Узнав, что Сухой вторгся в его область, Туполев, по свидетельству журнала «Авиация и космонавтика», якобы выразил недоумение по поводу решения своего бывшего заместителя (до 1953 года Павел Осипович был замом у Андрея Николаевича) участвовать в конкурсе и предрек ему провал. На что Сухой ответил: «Именно потому, что я Ваш ученик, я справлюсь».

200 виз на проекте постановления о начале работ по Т-4 и 200 изобретений, реализованных в проекте, характеризуют сложность задачи, которую взвалили на себя конструкторы ОКБ Сухого. Главный конструктор машины Н. Черняков буквально загорелся новой работой. Возможность воплотить в жизнь все то новое, что шло в авиацию в начале 60-х годов, завораживала его. Он писал: «Высокая степень новизны (степень риска) на самолете Т-4 не имела прецедента в отечественной и мировой практике (по американским стандартам она вообще недопустима). В целом риск был оправдан – все технические решения успешно сработали».

Технические решения сработали. А вот организационные, кабинетно-коридорные, подковерные, как их называли тогда, какие действуют и поныне, не срабатывали. Инженеры носились с идеей широкого внедрения в конструкцию самолета титано-магниевых сплавов, а руководители ОКБ никак не могли определиться с местом постройки его.
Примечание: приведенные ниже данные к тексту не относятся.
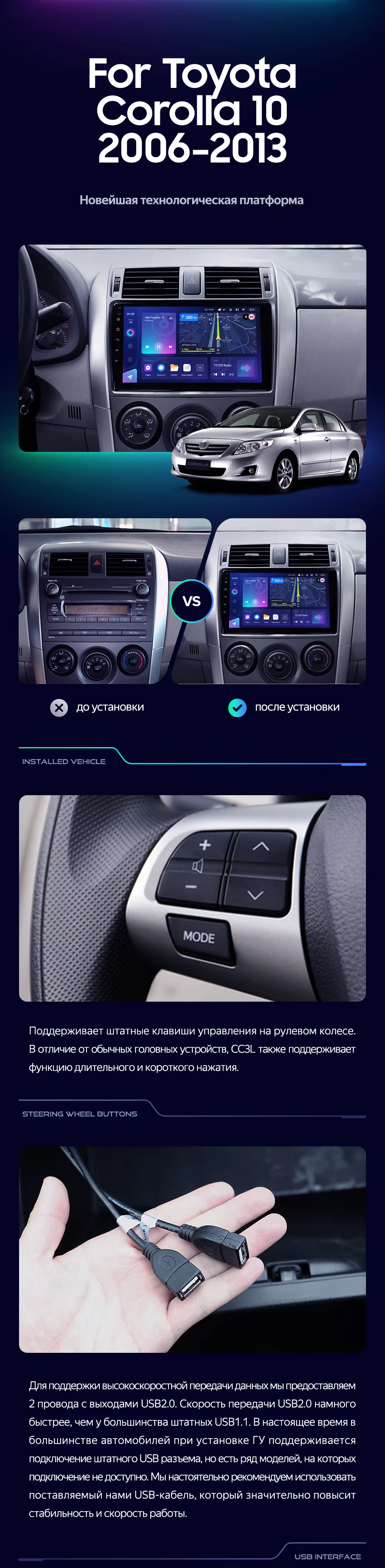 Штатная магнитола Teyes CC3L 4/32 Toyota Corolla 10 E140 E150 (2006-2013) Тип-B - купить всего за 27 790 руб. в интернет-магазине в Петрозаводске Teyes.com.ru. ✓ Самый лучший выбор мультимедиа ✓ Лучшая замена штатному ГУ ✓ Тел. +7 (800) 775-31-74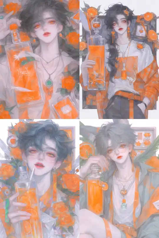 Midjourney Bot 更新时间:2025-01-01 00:00A handsome anime boy with long black hair and orange eyes, wearing a light orange shirt covered with orange patterns, holding a large glass bottle filled with orange juice, surrounded by various items like orange flowers, a jewelry box, feathers, a jade pendant, orange jelly, orange sticks, and orange crystals. Super big eyes. --niji 6 --ar 2:3 --style raw --s 1000 --p 9e8ib9j
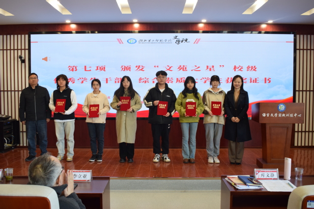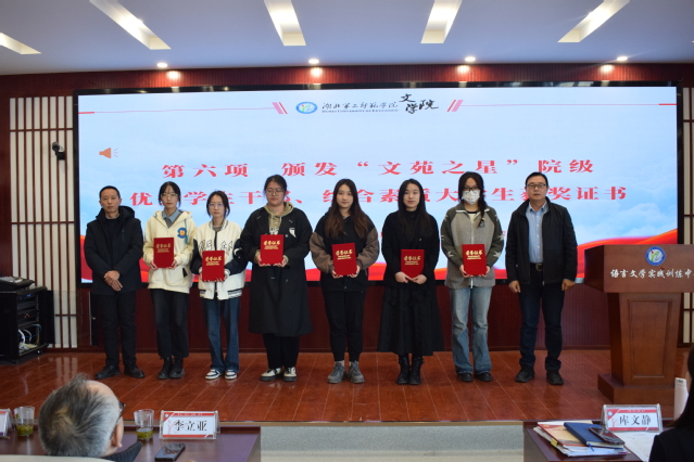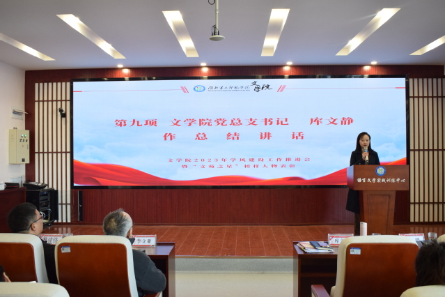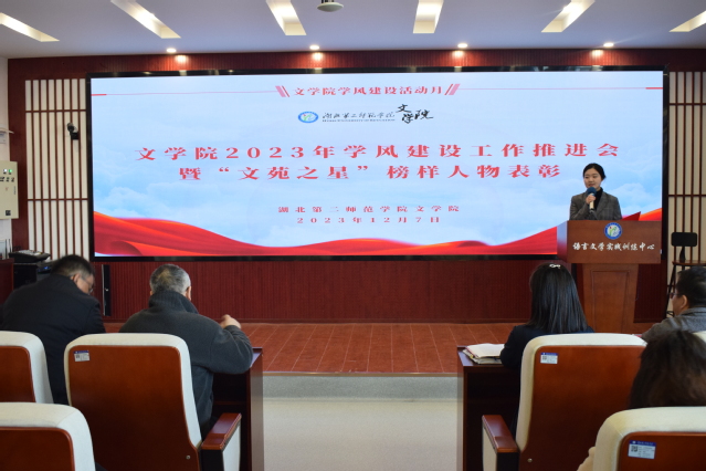 本网讯(通讯员 梅雅倩)12月7日下午,文学院召开2023年学风建设工作推进会暨“文苑之星”榜样人物表彰大会。师友单位校保卫处副处长熊寅墨,师友单位校发展规划处处长李立亚、副处长黎建锋,文学院党总支书记库文静、党总支副书记胡鹏、副院长李汉桥出席,文学院全体教职工以及各班学生代表参加。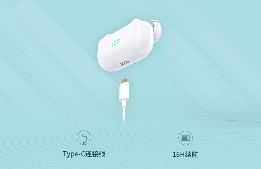 单耳机续航长达约4小时,搭配400mAh电池容量的便携式收纳充电仓,耳机+充电仓整体续航高达约16小时,满足你全天候的使用需求;便携式收纳充电仓Type-C接口充电,设有屏显功能电量提示,实时快速了解充电仓电量状态。
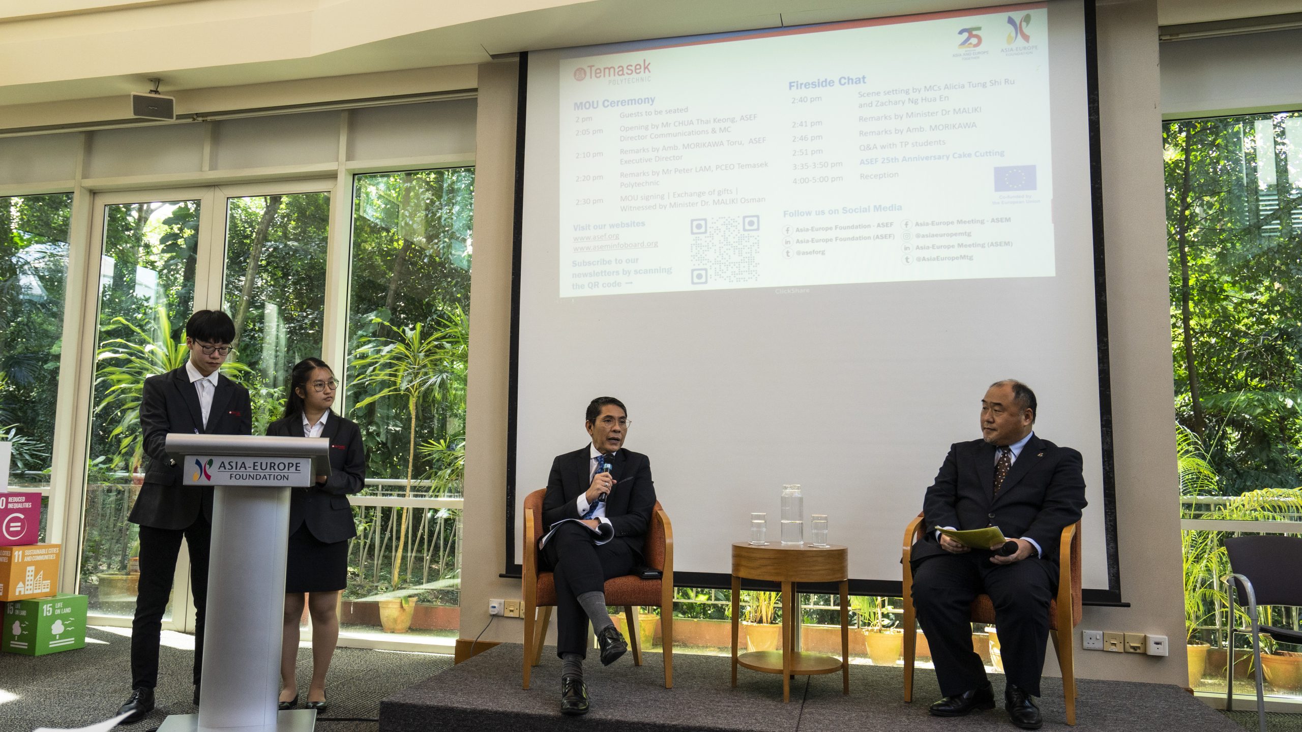 One of the first outputs of the MOU with Temasek Poly was the organization of a fireside chat between the students of Temasek Polytechnic and Minister Dr. MALIKI Osman, (Minister at Prime Minister Office, Second Minister for Education & Second Minister for Foreign Affairs), and Ambassador Toru MORIKAWA (ASEF Executive Director)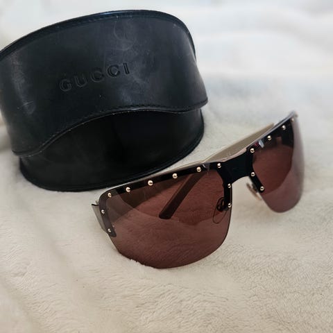 Gucci Hollywood Forever solbriller i plastik, lavet i Italien, nye eller som nye, one size, med æske, rengøringsklud og støvpose, hvid farve, mønster andet mønster. Klik på den blå "gå til varen" knap, for at købe eller byde på denne vare. Den samlede pris vil blive vist inden du afgiver dit bud.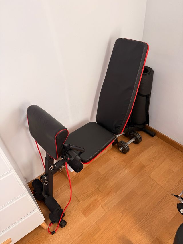 Detalles del productoBanco de pesas con diseño plegable e inclinable, ideal para entrenamientos en casa.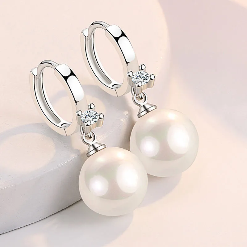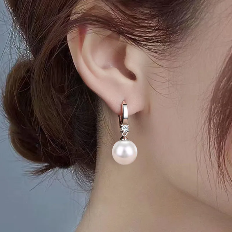 S999纯银珍珠耳环抖音显瘦爆款清新圆形高档小清新防过敏不掉色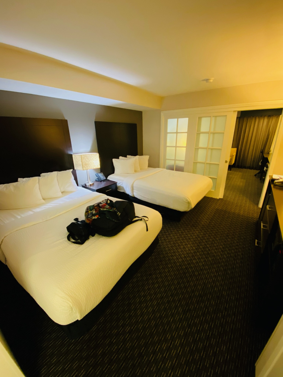 ベッド2台+1ルームの部屋に宿泊。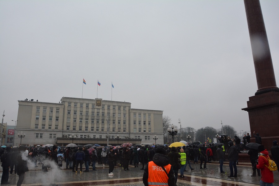 Также на площади Победы к участникам шествия присоединились другие митингующие. По оценкам корреспондентов «Нового Калининграда» в общей сложности в акции в поддержку Навального принимает участие около 3 тысяч человек.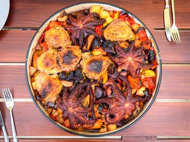 A húsos verzióhoz már volt szerencsém, tényleg nagyon finom, elképesztő omlósra párolódnak a harang alatt az összetevők. Állítólag az így készült polip is csodás. Jó tudni, hogy a legtöbb étteremben előre kell rendelni ezt az ételt, mert hosszan készül, és frissen a legfinomabb. Ha pedig otthon készítenél ilyet, itt találsz angolul egy receptet és részletes leírást hozzá.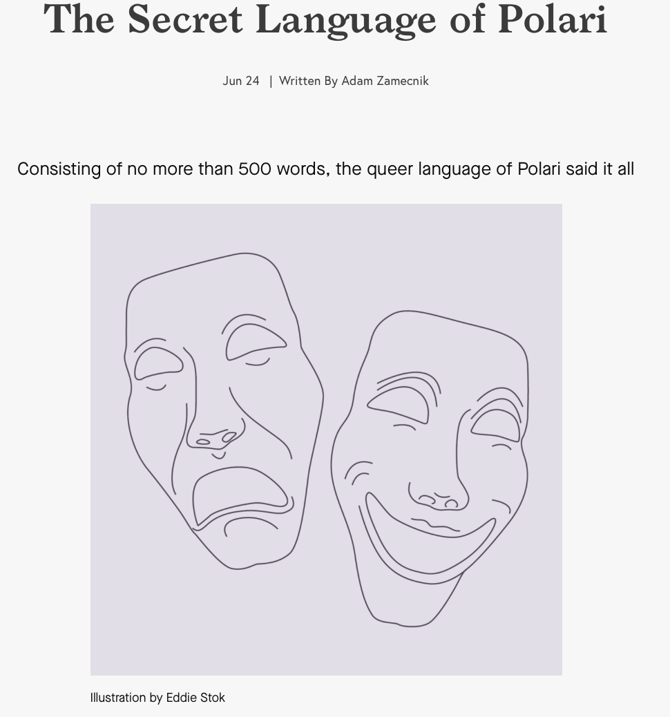 London Film School: “Polari – A short documentary about the lost language of gay men” 2018 https://youtu.be/uBa6f2E9IGE

После долгих аппаратных переговоров под строительство выделили Тушинский машиностроительный завод (ныне «Молния»). Но самым тревожным для коллектива суховцев оказалось известие, что в ВПК (военно-промышленной комиссии СМ СССР) внимательно изучают предложение А.Н. Туполева о том, что вместо безумно дорогого в строительстве Т-4 гораздо лучше и дешевле использовать его глубоко модифицированный Ту-22. Несмотря на то, что ВВС на грядущее пятилетие 1970–1975 гг. первоначально заказали 250 единиц так необходимого им легкого бомбардировщика Т-4, количество заказа, определенного МАПом, вдруг сократилось до 50.
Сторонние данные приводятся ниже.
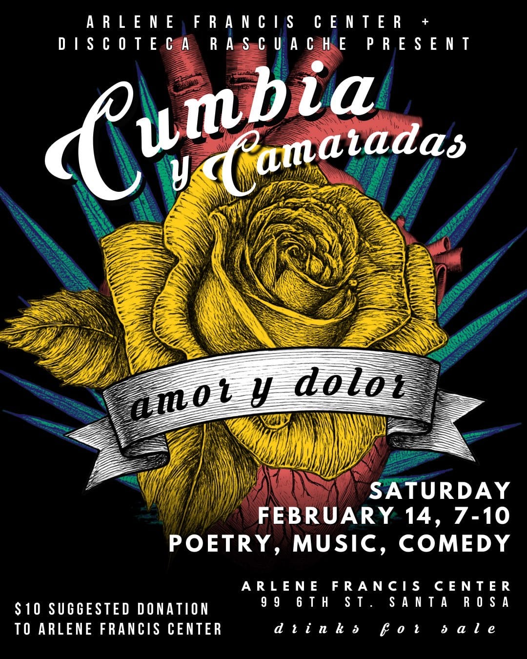 Amor y dolor Cumbia y Camaradas – “Amor y Dolor” on Feb 14th! The world is heavy right now, fascism is trying to flood our bodies, minds and spirits, but we’ve got the antidote within our own mutual care and tenderness. It’ll be a fun and funky evening, different performers, participatory art, and good humans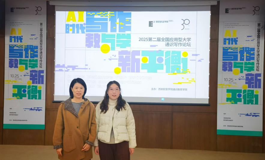 2025年10月25日,文法学院汉语言文学教研室曹丹丹、谢秋老师赴西安欧亚学院,参加“AI时代下写作教与学的新平衡:2025第二届全国应用型大学通识写作论坛”。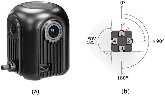 The INSTA 360 Pro2 is a professional-grade 360° camera characterized by its spherical shape, measuring 143 mm in diameter. It is equipped with six cameras, each boasting a resolution of 4000 × 3000 pixels and F2.4 fisheye lenses with a fixed focal length of 1.88 mm, providing a wide 200° field of view along the sensor’s maximum dimension. The sensors are equidistantly posed around the equator, with a relative rotation of 60°, as illustrated in Figure 2b. This arrangement makes the centers of projection of the sensors non-coincident and spaced with relative shifts, as reported in Table 1.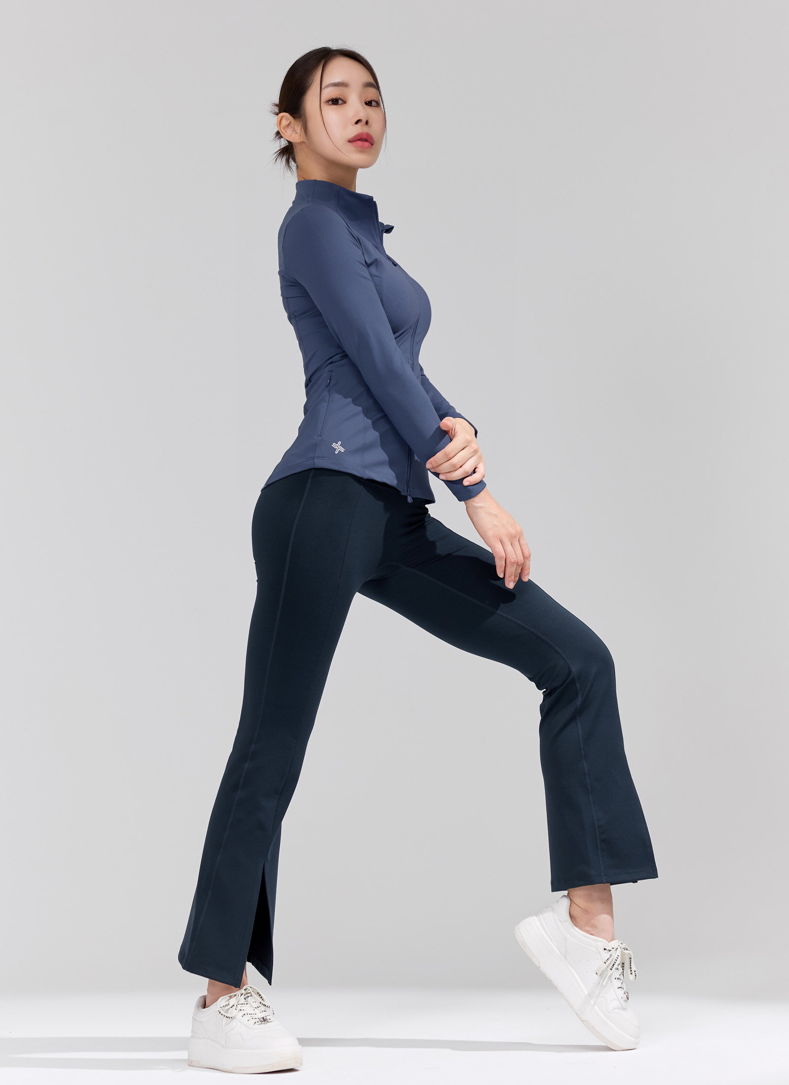 허벅지는 슬림하게 잡아주고 무릎부터 퍼지는 부츠컷 핏으로 다리가 슬림해 보이며,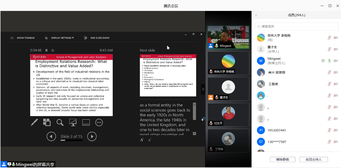 名家讲座第102场以腾讯会议的方式举行。美国罗格斯大学管理与劳动关系学院终身副教授、罗格斯-中国人民大学全球工作与雇佣中心主任刘明巍做了题为“当代产业关系理论的发展和演进”的学术讲座。本场讲座也是劳动关系系列讲座首场,由开心鬼传媒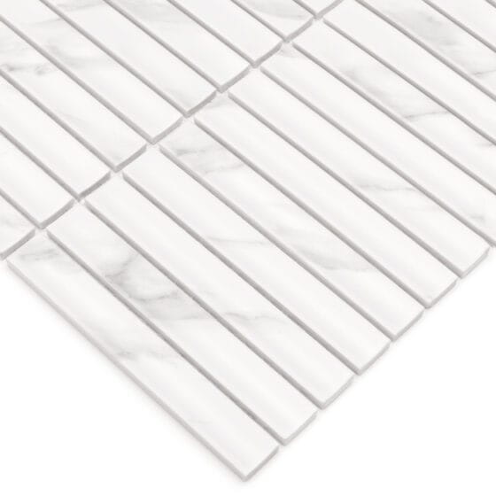 Matowa mozaika typu finger-stick w imitacji marmuru kararyjskiego to elegancka propozycja, która łączy klasyczny urok marmuru z nowoczesną trwałością gresu. Mozaika gresowa Carrara jest idealnym rozwiązaniem dla osób, które cenią ponadczasową estetykę marmuru, ale jednocześnie poszukują materiału o większej odporności i funkcjonalności. Inspirowana słynnym marmurem Carrara, charakteryzuje się białym tłem, na którym delikatnie przebiegają szare żyłki, tworząc subtelny, ale efektowny wzór. Taki design wprowadza do wnętrz luksusowy, elegancki charakter, nadając przestrzeni szyku i wyrafinowania. Mozaika ta doskonale sprawdzi się w przestronnych łazienkach, kuchniach czy eleganckich salonach, które pragną połączyć klasyczny wygląd marmuru z nowoczesnym wykończeniem i funkcjonalnością.

Начиналась эпоха безвременья, как сказал уже после падения советской власти один из партийных функционеров. Оно подкралось незаметно, но тот, кто был посвящен в тайное тайных режима, понял: если можно под благовидным предлогом и по «объективным причинам» не выполнять Постановления ЦК КПСС (!), дело кончится крахом. Всесильная партия уже просто не могла уследить за всеми решениями, которые она сама принимала, которые на протяжении десятилетий регулировали общественную, экономическую и культурную жизнь страны. Эти Постановления, за которыми раньше маячил образ грозного Сталина, всегда выполнялись неукоснительно, в кратчайшие сроки еще и потому, что за этим образом виделся еще один, с каждым годом все более страшный облик – то ли Дзержинского, Ежова, то ли, Ягоды, Петерса, Менжинского или самого Лаврентия Павловича. Скованные страхом, как самой крепкой цепью, правоверные сторонники нового строя и тайные недоброжелатели его – и те, кто сидел, и те, кто на какое-то время оставался на свободе, – все одинаково самоотверженно по 10–12 часов в сутки трудились над созданием уникальной в мире субцивилизации – советской авиапромышленности.
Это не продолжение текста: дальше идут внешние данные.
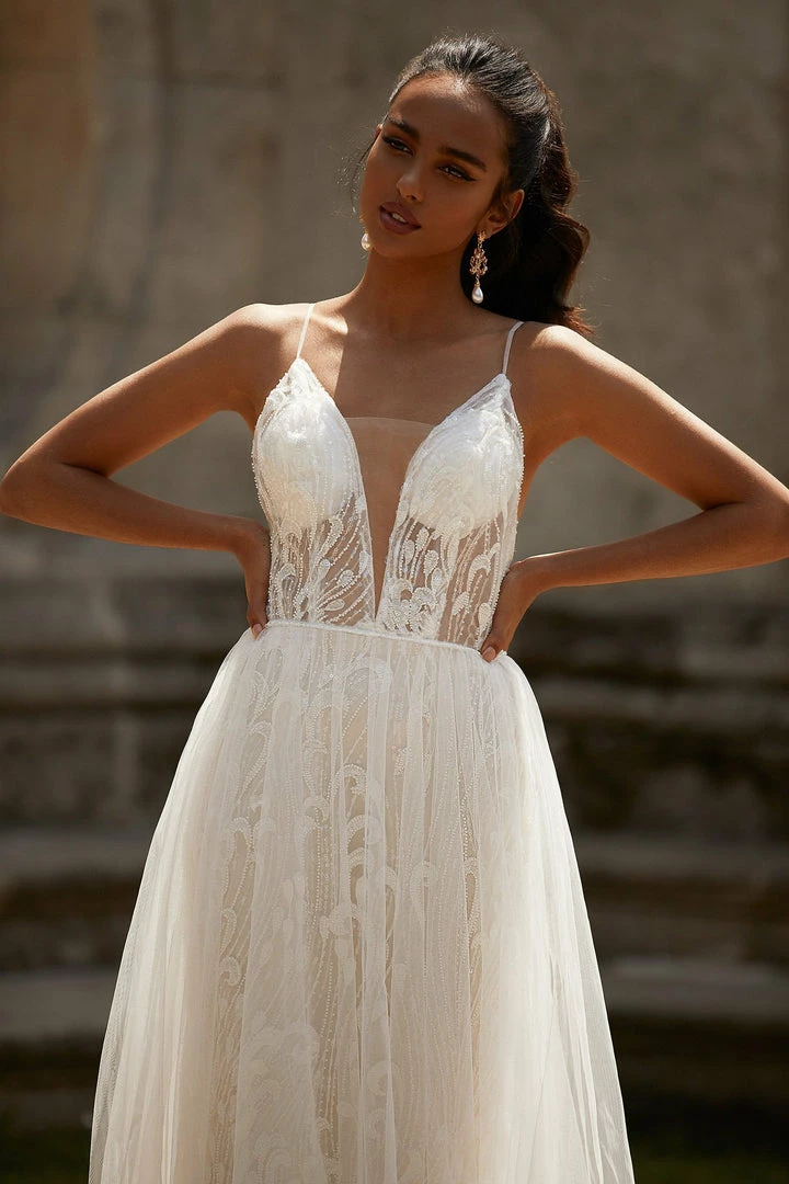 Feel like a breath of fresh air in this luxurious, effortless & delicate bridal gown. Ciana is made from lightweight dreamy tulle with sparkling beading all over. Also features a plunge neckline with mesh insert, thin straps, open back & detachable overskirt.Â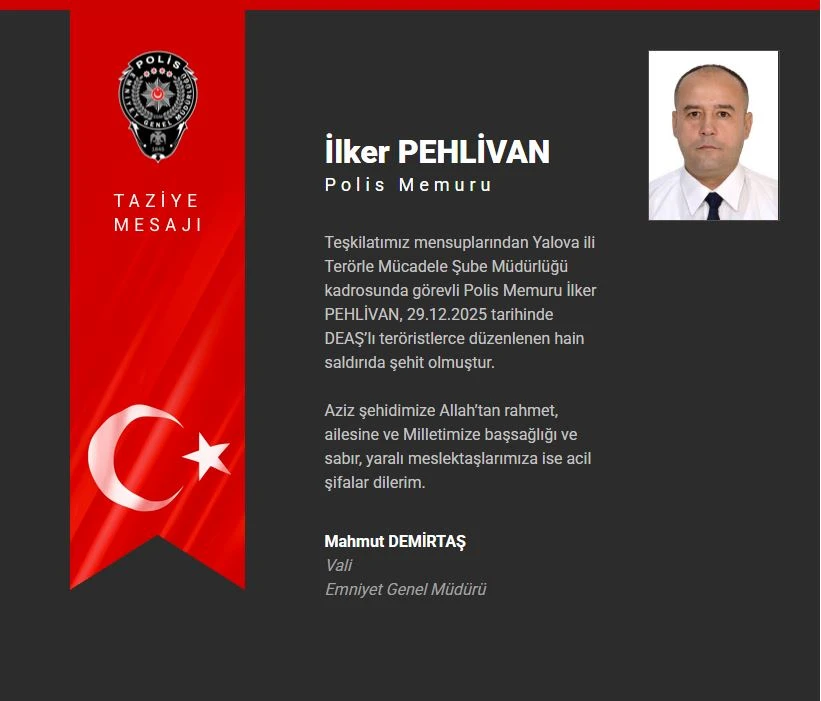 Emniyet Genel Müdürlüğü de yayımladığı taziye duyurusunda Pehlivan’ın, Yalova Terörle Mücadele Şube Müdürlüğü kadrosunda görevliyken 29.12.2025 tarihinde DEAŞ’lı teröristlerce düzenlenen saldırıda şehit olduğunu kayda geçirdi.

Те, кто рассчитывал эпюры крыла Т-4, кто измерял температуру газов в выхлопном тракте двигателя или снижал коэффициент сцепления шасси с полосой, даже в страшном сне не могли предположить, что Постановления ЦК КПСС могут остаться только на бумаге: власть ЦК была тем, что казалось стабильным и вечным. Хрущев в наивной вере, что можно построить социализм без ГУЛАГа, без диктатуры, без принуждения, сделал этими «без» первый толчок к разрушению всей системы. Это сейчас, с высоты прожитых лет, видно, что и когда вожди сделали не так. А Сухой, Черняков, Афанасьев, Востриков, Зверев, конструктор двигателей Колесов, летчик-испытатель Ильюшин, не ведая о том, что в верхних эшелонах власти уже согласились с тем, что вместо новейшего Т-4 на вооружение придет отнюдь не новый Ту-22М, с упоением готовили новую машину к взлету.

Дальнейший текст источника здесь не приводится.